風情漂う新宿神楽坂の寺社散策:毘沙門天「善國寺」

 新宿区神楽坂の寺社散策が続きます。今回は、光照寺から地蔵坂を北東に数分、神楽坂に面した日蓮宗の「善國寺」です。

 

神楽坂です。夏祭りがあるのか、赤い提灯が目立ち華やかです。

 

「善國寺(ぜんこくじ)」

 山号:鎮護山

 寺号:善國寺

 宗派:日蓮宗

 本尊:三宝

 開山:佛乗院日惺 (にっせい)

 開基:徳川家康

 

善國寺の縁起

 鎮護山善国寺は、日蓮宗池上本門寺の末寺です。開山は、池上本門寺十二代の住職、日惺上人で、徳川家康より天下安全の祈祷の命をうけ、文禄4年1595に麹町六丁目(千代田区)に創建しました。度々火災に見舞われ、寛政4年(1792)の類焼に際しては、火除地として召しあげられ、替地として現在地を拝領し、翌年移転しました。  有名な毘沙門天像は、加藤清正の守本尊とも、土中より出現したともいわれます。 
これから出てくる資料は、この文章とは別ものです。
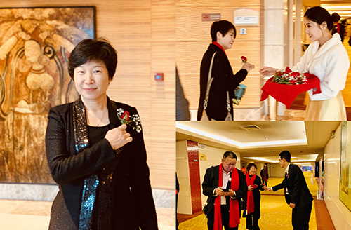 聚会当天适逢国际劳动妇女节,,,,,,,,会务组为参会女性特殊准备了玫瑰,,,,,,,,东方优德88官网网站董事长李卫国先生等为台下的女性送上温馨祝福。。。。。。。

毘沙門天は、多聞天の別称で、四天王の一つ、仏法や北方を守護する軍神であり、江戸時代より「神楽坂の毘沙門さま」として信仰を集めました。現在は、山の手七福神の一つに数えられています。

 

善國寺の山門から本堂へ

 山門ですが、稲荷神社と見間違う程、朱塗りが目立ちます。山門の上部真ん中に鬼瓦です。

 

山門の左右の柱に毘沙門天、神楽坂の文字。

 

山門の右にも入口があります。こちらは、日蓮宗、善國寺の文字が。夏祭りの提灯が目立ちます。

 

本堂です。

 

本堂の手前左に、「山之手七福神 毘沙門天」と刻まれた石標があります。

 

 その隣に新宿区指定有形文化財彫刻の「善國寺の毘沙門天像」と、新宿区指定有形民俗文化財「善國寺の石虎」の説明掲示板があります。

 

本堂前の阿吽の石虎です。迫力あります。

 

 説明板によると、「安山岩製の虎の石造で、台石・基檀部も含めた総高は、両像ともに2mをこえる。台石正面には浮彫があり、虎の姿を動的に表現している。
 嘉永元年(1848)に奉納されたもので、寄進者が善國寺周辺の住民であったことがわかる。善國寺は毘沙門天信仰から「虎」を重視し、石虎の造立も寄進者らの毘沙門天信仰によると考えられる。石虎は都内でも珍しく、区内では唯一の作例である。…」とのことです。

 また、毘沙門天像は正月、五月、九月の初寅の日に御開帳されるようです。

 

石段を上がり参拝します。「日蓮宗橘」の寺紋が扉に。

 

扁額は山号の「鎮護山」。

 

内陣です。

 

『江戸名所図会』に見る牛込神楽坂

 天保7年(1836)刊の『江戸名所図会』(巻之四 第十一冊)には、長谷川雪旦の挿し絵「牛込神楽坂」に善国寺・毘沙門堂の全景が描かれ、「月毎の寅の日には参詣移しく、植木等の諸商人市をなして賑へり」と註記されています。

 絵の中央を斜めに通っている路が神楽坂です。右上に「毘沙門堂」、「善国寺」、「こんぴら」と書かれています。

 

本堂の左側に、浄行菩薩像があります。

 

その奥に守護神の「出世稲荷社」です。

 

御朱印

最後に御朱印です。本堂の右側にある寺務所にて頂きました。

寺務所

 

毘沙門天御朱印

 

おわりに

 今回散策の神楽坂は、実際に神楽坂という坂があり、坂の周辺の地名でもあります。また、神楽坂付近は、大正時代に隆盛を誇った花街でもありました。神楽坂は昔からの風情も残りながら、近代的な街に変わろうとしている感じです。

 そのような所にある「毘沙門天善國寺」は、神楽坂の象徴のように感じます。善國寺には、毘沙門天像をはじめ神社の狛犬のような阿吽の石虎など文化財もあり見所が多く楽しめました。

 尚、今回の善国寺の毘沙門天像は、新宿山ノ手七福神の一つです。未だ行っていないのは、 経王寺(大黒天)を残すだけになりました。大黒天は正月にでも他の七福神も一緒に巡ろうと思います。